Genes, race and research ethics: who’s minding the store?

  1. L M Hunt1,2,
  2. M S Megyesi2
  1. 1
    Department of Anthropology, Michigan State University, East Lansing, Michigan, USA
  2. 2
    Center for Ethics and the Humanities in the Life Sciences, Michigan State University, East Lansing, Michigan, USA
  1. L M Hunt, 354 Baker Hall, Michigan State University, East Lansing, MI 48824, USA; huntli{at}msu.edu
  • Received 10 April 2007
  • Revised 19 June 2007
  • Accepted 24 June 2007

Abstract

Background: The search for genetic variants between racial/ethnic groups to explain differential disease susceptibility and drug response has provoked sharp criticisms, challenging the appropriateness of using race/ethnicity as a variable in genetics research, because such categories are social constructs and not biological classifications.

Objectives: To gain insight into how a group of genetic scientists conceptualise and use racial/ethnic variables in their work and their strategies for managing the ethical issues and consequences of this practice.

Methods: In-depth semi-structured interviews were conducted with a purposive sample of 30 genetic researchers who use racial/ethnic variables in their research.
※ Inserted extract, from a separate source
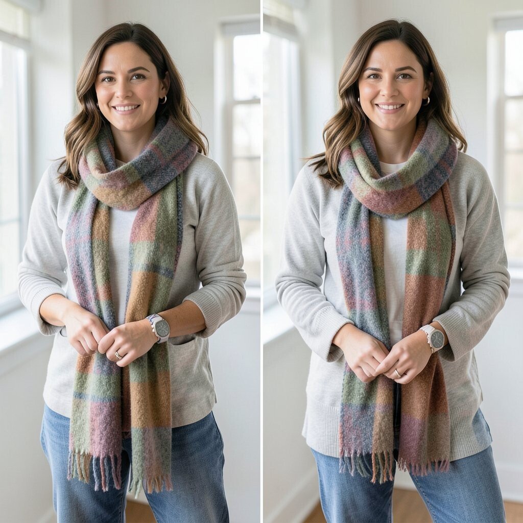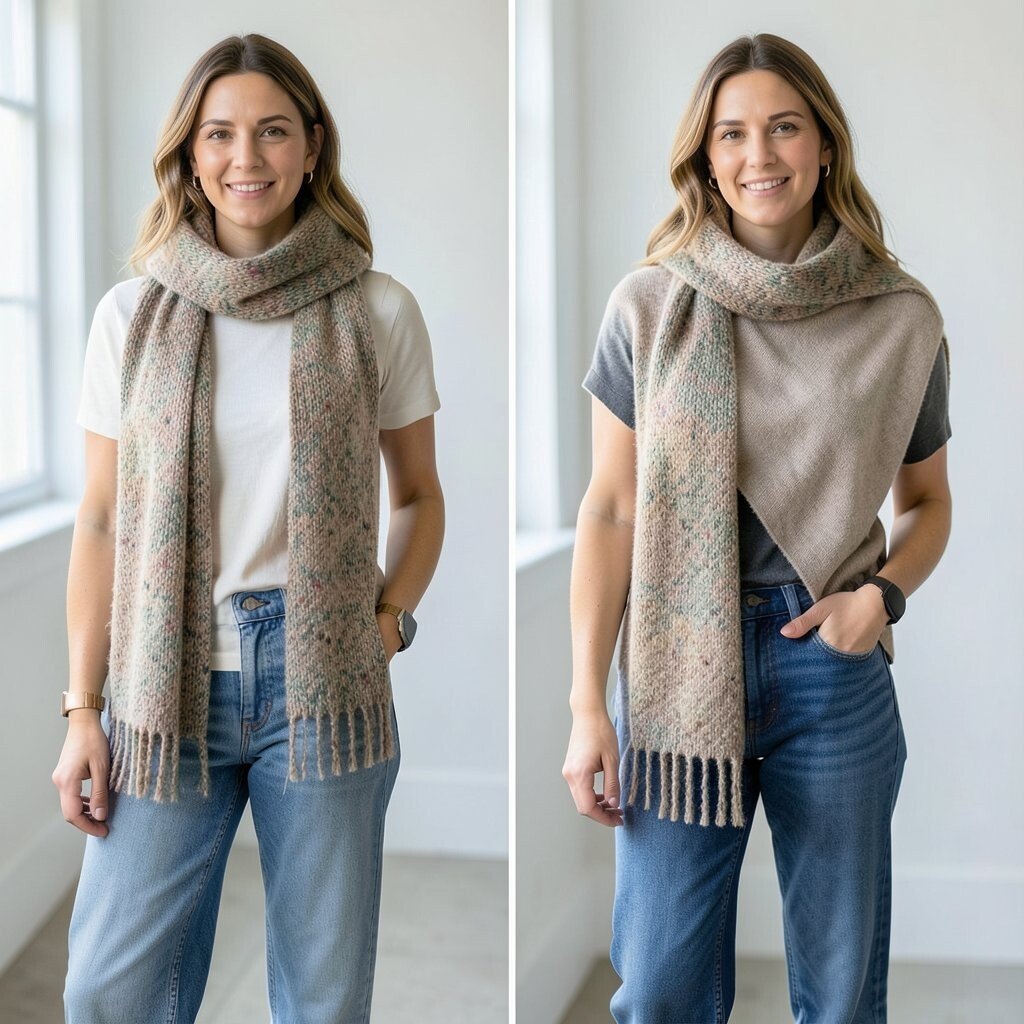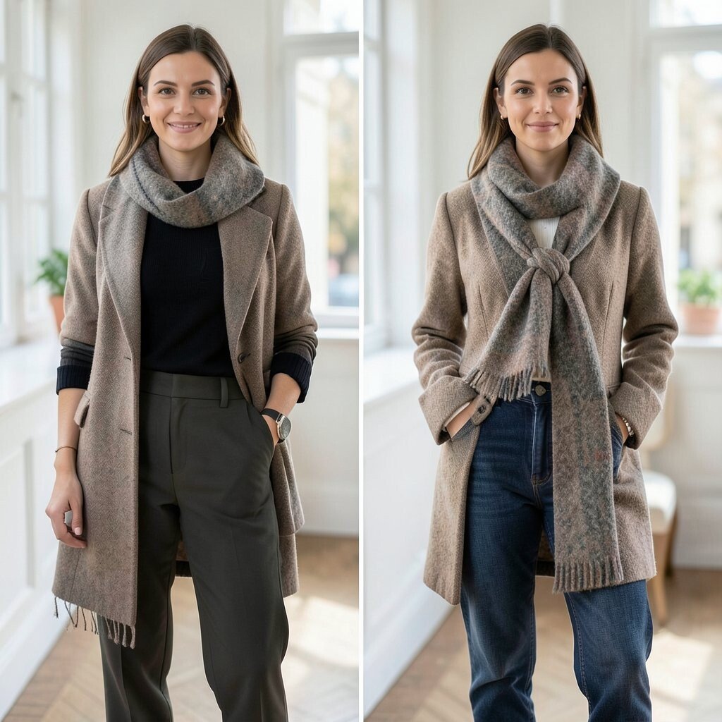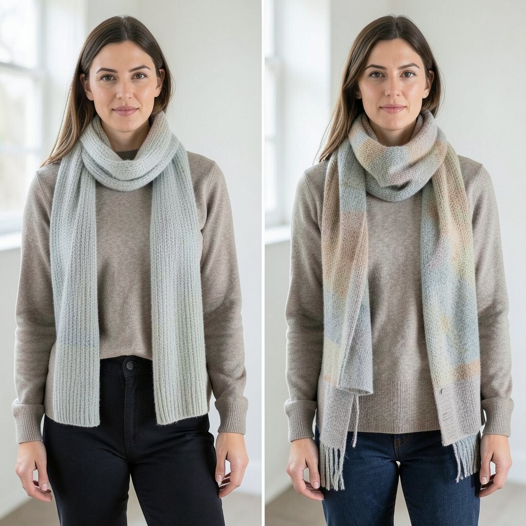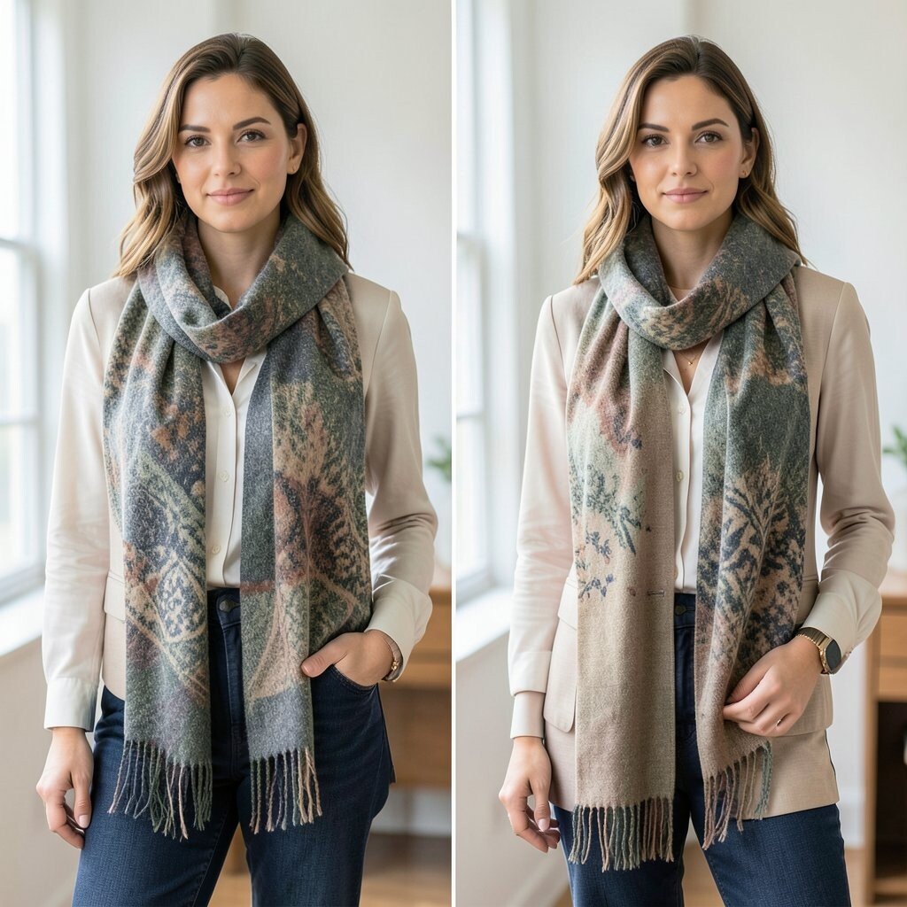 Choose scarves in complementary colors or patterns for a cohesive look. It’s a creative way to add depth and style to your ensemble.

Standard qualitative methods of content analysis were used.

Results: Most of the genetic researchers viewed racial/ethnic variables as arbitrary and very poorly defined, and in turn as scientifically inadequate. However, most defended their use, describing them as useful proxy variables on a road to “imminent medical progress”. None had developed overt strategies for addressing these inadequacies, with many instead asserting that science will inevitably correct itself and saying that meanwhile researchers should “be careful” in the language chosen for reporting findings.

Conclusions: While the legitimacy and consequences of using racial/ethnic variables in genetics research has been widely criticised, ethical oversight is left to genetic researchers themselves. Given the general vagueness and imprecision we found amongst these researchers regarding their use of these variables, they do not seem well equipped for such an undertaking. It would seem imperative that research ethicist move forward to develop specific policies and practices to assure the scientific integrity of genetic research on biological differences between population groups.

Footnotes

  • Competing interests: None.

  • Ethics approval: All study participants gave their informed consent to be interviewed following protocols approved by the Human Subject Protection Programs at Michigan State University.